Do keep in mind though, one of the things that gets a little tricky as you start building these things out is that this is executed at build time. So typically what you wanna do is you wanna minimize the number of API calls that you're making. So something like getting the entire blog collection is good.

Because it's one call, you load all the data, and then you can loop over that data and do things. If you have hundreds of thousands of posts, maybe it's not as good, right? And then you might wanna do something like just get the first hundred, and then use dynamic rendering to get the older posts that don't get as much traffic, right?

So there are some strategies that you wanna keep in mind as you're using something that builds statically by default. That in a dynamic environment, you can just ignore. But you pay the price by having to maintain your servers. If you wanna do it on a static build, you can ignore it, but it'll get slow.

And so as you start to get to really high numbers of things, or really slow queries, like if you're doing a really intense query to go through multiple layers of your API and figure out related posts, or similarity rankings, or something that takes a lot of computer processing, you might wanna start thinking about how exactly does that get done?

And how are you caching those calls if the data doesn't change, and so on and so forth, so that your builds stay fast. Because one of the major assets here is because Astro is built the way that it's built, it's powered by Vite, the builds are very, very fast, a second or less out of the box.

And that means that if we don't add things to make it slow, we will be able to publish something to production in a few seconds. And that's really really powerful, right? So you don't wanna break that as you start getting into more and more complex builds, question?
>> You don't have to go into this if it's gonna be too long, but is there any sort of ISR capabilities for Astro if you wanted to do it that way?

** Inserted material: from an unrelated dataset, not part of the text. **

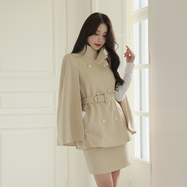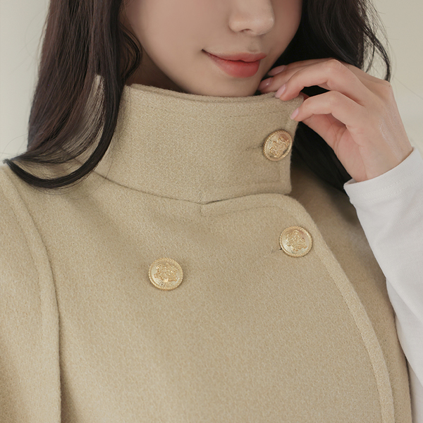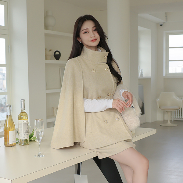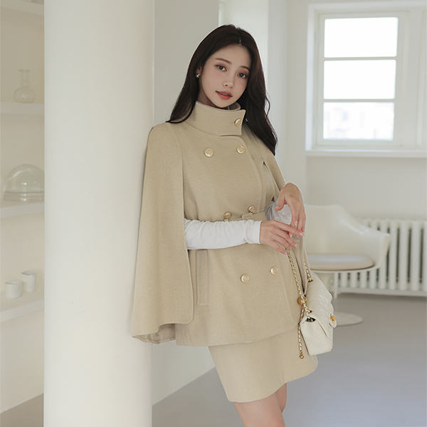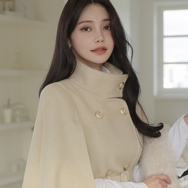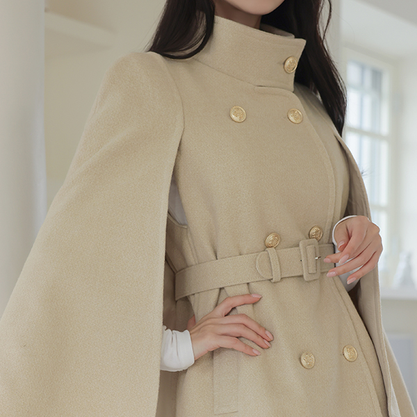 ODE 高龄 黄金 扣子 束带 披肩 羊毛 大衣

>> Yes, but not built in the way it is in Next. So-
>> Just put it behind a CDN.
>> Yeah, what you would is you would wanna say, put Astro into hybrid mode or server mode so that the pages themselves are making a request. And then you would use a cached API call with a timeout on it.

It's not like Astro doesn't have a TTL built into it where you can just say, I want this page to render once every five minutes. But building that with Netlify, for example, you can just set a cache expiry on the API. It's hitting and it'll get the same general outcome.

But yeah, not built in. Probably the biggest thing is the content is a little bit different. This is something that what we're effectively doing here is we're saying take this markdown file and render the content of the markdown into an astro component. And then we use that Astro component in the contents of the file.

So the the functional outcome is it just takes the Markdown and turns it into HTML. But it's important to note that this is not HTML, this is an Astro component. And that's gonna be important when we talk about the RSS later.